If we believe in treating patients rather than conditions and see each consultation as an opportunity to develop a relationship with our patients, then we will become more effective and more satisfied with our work. To do so involves a change in attitude towards each patient consultation and the right conditions to allow us to develop relationships with our patients.
This was originally written for the New Generalist magazine in 2006. The magazine no longer exists. It is exactly as I wrote it then. My concerns about the changing nature of primary care started long before this government.
This is an excellent observation on the breakdown of the therapeutic relationship between doctor and patient.
I can only speak of the practice I attend which comprises of one ‘partner’ and four salaried GPs. Moral among the salaried GPs appears low and there is a regular turnover of said GPs.
When I first attended this practice over twenty years ago it consisted of four partners and the GP I chose to be my family doctor became a ‘surgery’ friend, such was the rapport we had. He knew me and my family and would ask after them should I have an appointment and the interest was genuine. He told me about himself, his history and his family. This relationship was beneficial to us both of us as he knew me, respected me, made me feel comfortable and therefore I trusted and respected him.

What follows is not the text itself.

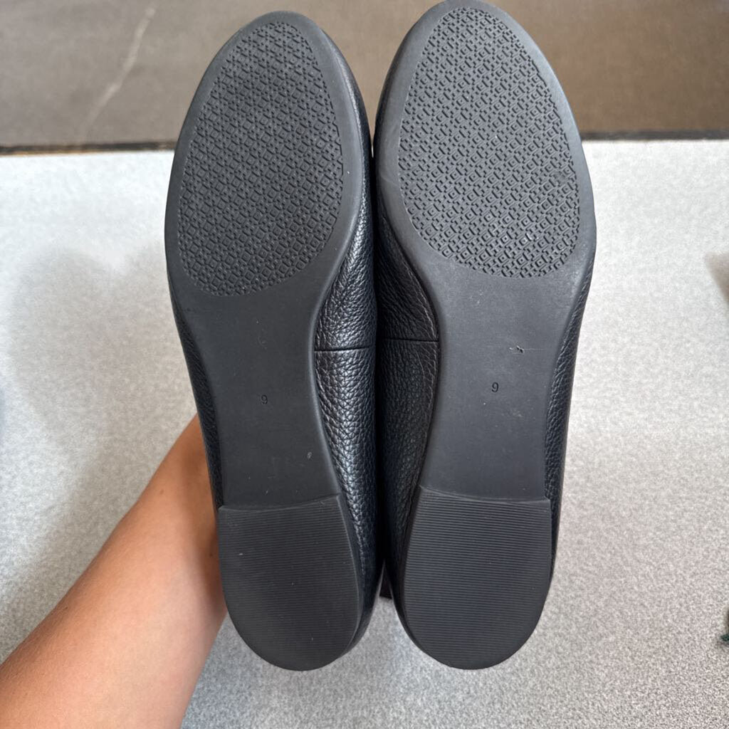 TORY BURCH,LEATHER BALLET FLAT ,BLK/GOLD,9
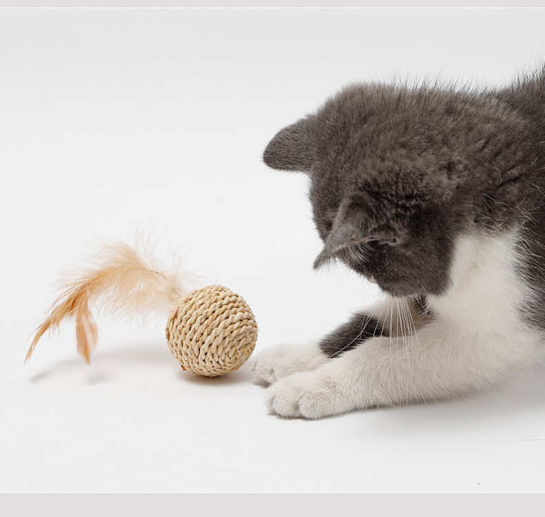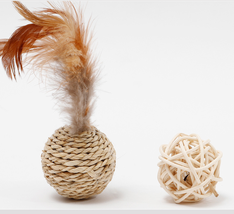재고 도매 국경 Hawo 고양이 식물 밀짚 벨 더블 볼 등나무 공 재미있는 고양이 자기-안녕 장난감 공 고양이 장난감

The practice was busy and bustling reflecting the confidence patients held for their doctors.
For various reasons by 1999 it was a single handed practice, that of my GP. He retired in ?2003 and the practice is now a satellite of a larger practice in a nearby town. It has become a barren place and the list is low and I can understand why patients abandon it.
I feel quite strongly, based on the little a salaried GP once told me, that he – now long gone – and his colleagues felt undervalued by and unimportant to the partner. Their low moral reflected in patient care – for a patient cannot be ‘happy’ if the GP is not happy. This state of affairs appears to continue.
I (generally) only visit my GP – not that I have a ‘my GP’ anymore – six monthly for a meds review. I hate it and come away feeling like a nothing, the disinterest is loud, the approach almost hostile and if I didn’t have to attend, I surely wouldn’t.
There is a constant turnover of staff, this including nurses and back office. If someone asked me who my doctor was, I couldn’t tell them as I no longer know. Much of the ‘minor’ stuff is delegated to the practice nurse, minor ops once done in the surgery are now – and have been for a long time – commissioned out to a private ‘NHS’ clinic in a nearby city which unless you are a car driver, has to be a taxi job as there is no direct bus route.
The waiting room, once almost a comfortable lounge is now a sterile white room with the obligatory TV facing row upon row of chairs. Modern impersonal technology abounds and pretty soon you won’t even have a need – or not be allowed – to speak to reception staff.
You are buzzed in by the GP, God help you if you are deaf or demented or have poor vision – because you will not be aware that it is now your turn.
I hate going to the docs as I come away feeling that I am trivial, a nothing.
Bring back family GPs who you knew and trusted and who knew you. Please.
We learn so much about human nature too. Often, you cannot know if anything is trivial until much later.
We have to keep non medical people away from meddling.
The Cockroach Catcher
Have been trying to contact you to ask if I may put this brilliant letter up on http://www.after-cancer.com. I started this website as a way of telling other cancer patients that we are not alone on the production line that is today’s cancer treatment. But – we will probably all agree that we often no longer have any confidence in doctors, who delight in prescribing the latest ‘IN’ drug – then shying away from the awful side effects. And as for the nurse who told me “you are only a cancer patient….!” I don’t have any words for her!